## Problem description
Would you please copy the part of the material below that opens with the line containing "第四則是「輔具應用」,例如進" and closes with the line containing "I have a project"? Copy it exactly, and only it.

## Supplied material
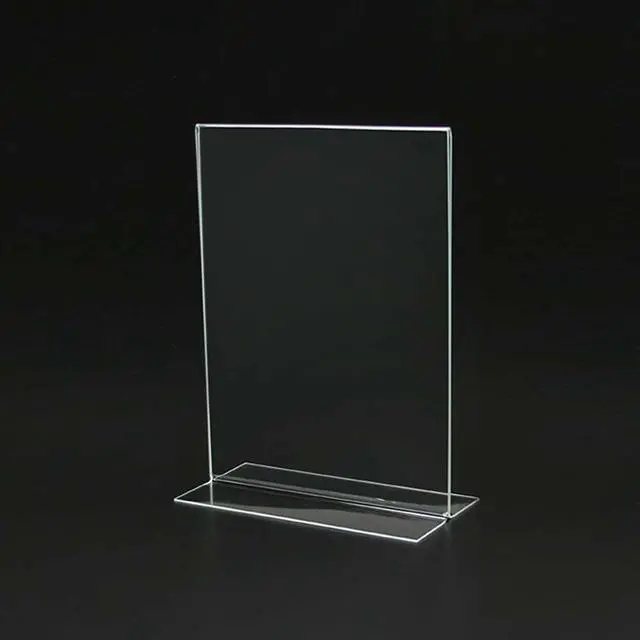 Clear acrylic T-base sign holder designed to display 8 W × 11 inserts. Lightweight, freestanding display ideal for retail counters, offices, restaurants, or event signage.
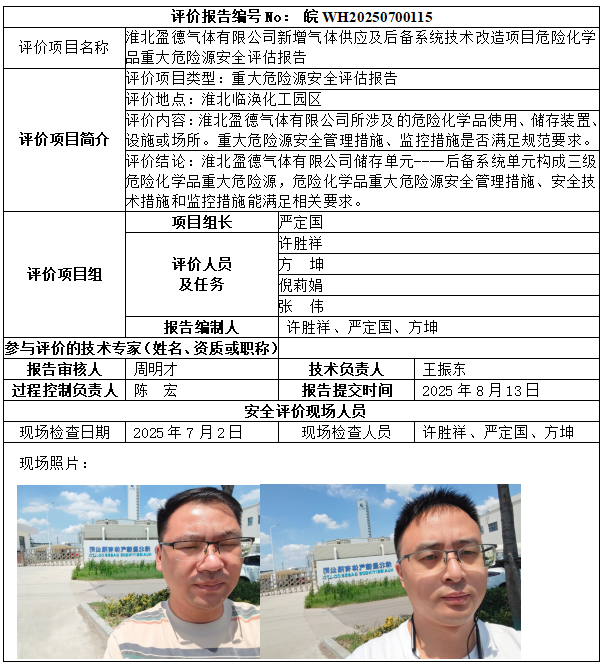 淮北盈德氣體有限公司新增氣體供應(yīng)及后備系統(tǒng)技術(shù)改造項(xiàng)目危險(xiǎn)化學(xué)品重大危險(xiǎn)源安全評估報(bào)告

==

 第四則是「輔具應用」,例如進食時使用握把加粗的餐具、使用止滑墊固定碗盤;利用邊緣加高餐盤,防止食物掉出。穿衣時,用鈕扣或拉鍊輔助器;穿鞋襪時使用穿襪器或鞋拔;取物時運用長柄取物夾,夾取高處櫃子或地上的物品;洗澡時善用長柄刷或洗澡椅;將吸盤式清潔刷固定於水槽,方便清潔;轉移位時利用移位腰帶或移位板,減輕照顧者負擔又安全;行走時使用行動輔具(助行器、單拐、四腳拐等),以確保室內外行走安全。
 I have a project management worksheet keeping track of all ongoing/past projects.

---

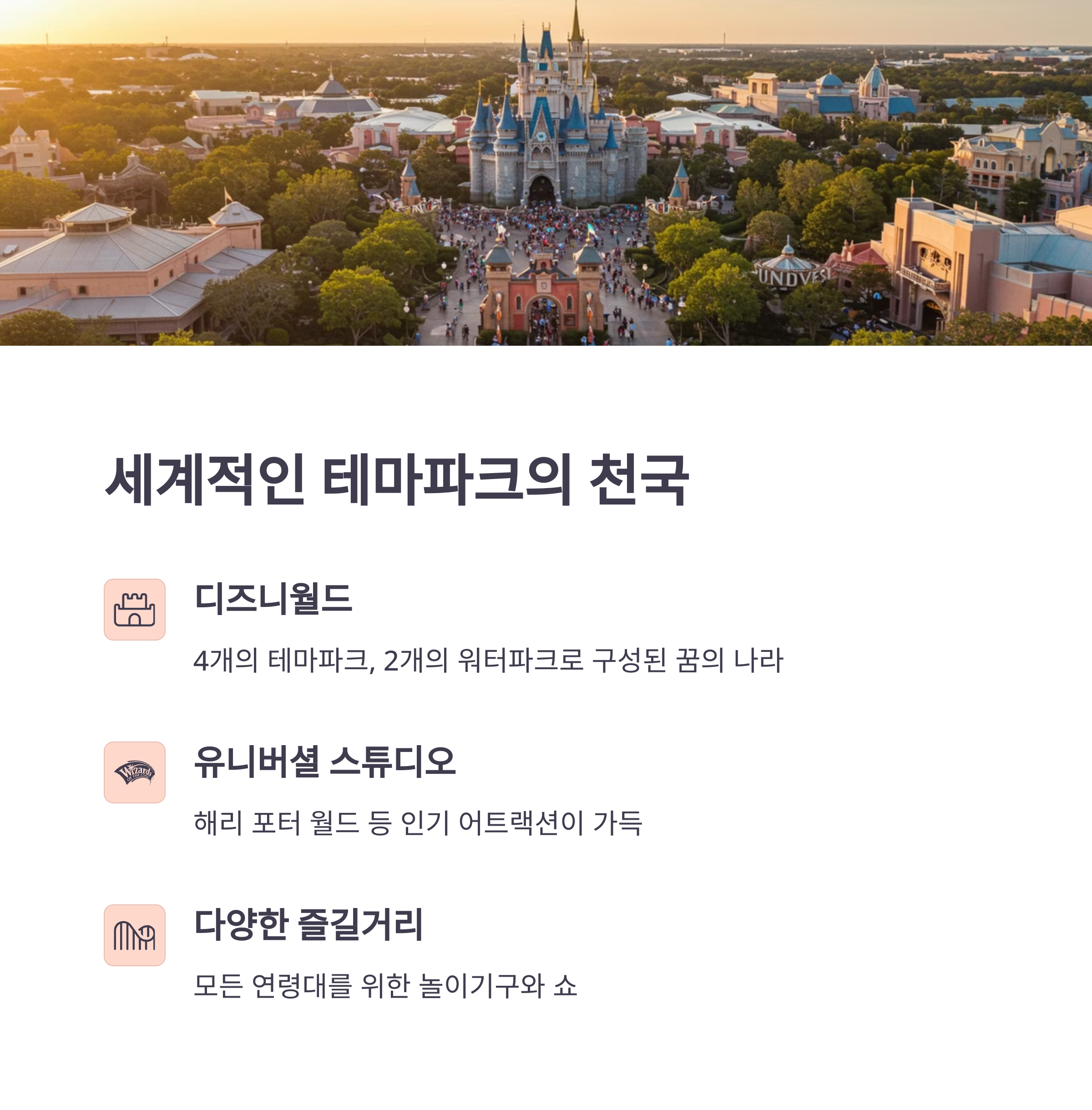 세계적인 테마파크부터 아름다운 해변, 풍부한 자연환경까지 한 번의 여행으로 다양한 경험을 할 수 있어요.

## Result of the task
 第四則是「輔具應用」,例如進食時使用握把加粗的餐具、使用止滑墊固定碗盤;利用邊緣加高餐盤,防止食物掉出。穿衣時,用鈕扣或拉鍊輔助器;穿鞋襪時使用穿襪器或鞋拔;取物時運用長柄取物夾,夾取高處櫃子或地上的物品;洗澡時善用長柄刷或洗澡椅;將吸盤式清潔刷固定於水槽,方便清潔;轉移位時利用移位腰帶或移位板,減輕照顧者負擔又安全;行走時使用行動輔具(助行器、單拐、四腳拐等),以確保室內外行走安全。
 I have a project management worksheet keeping track of all ongoing/past projects.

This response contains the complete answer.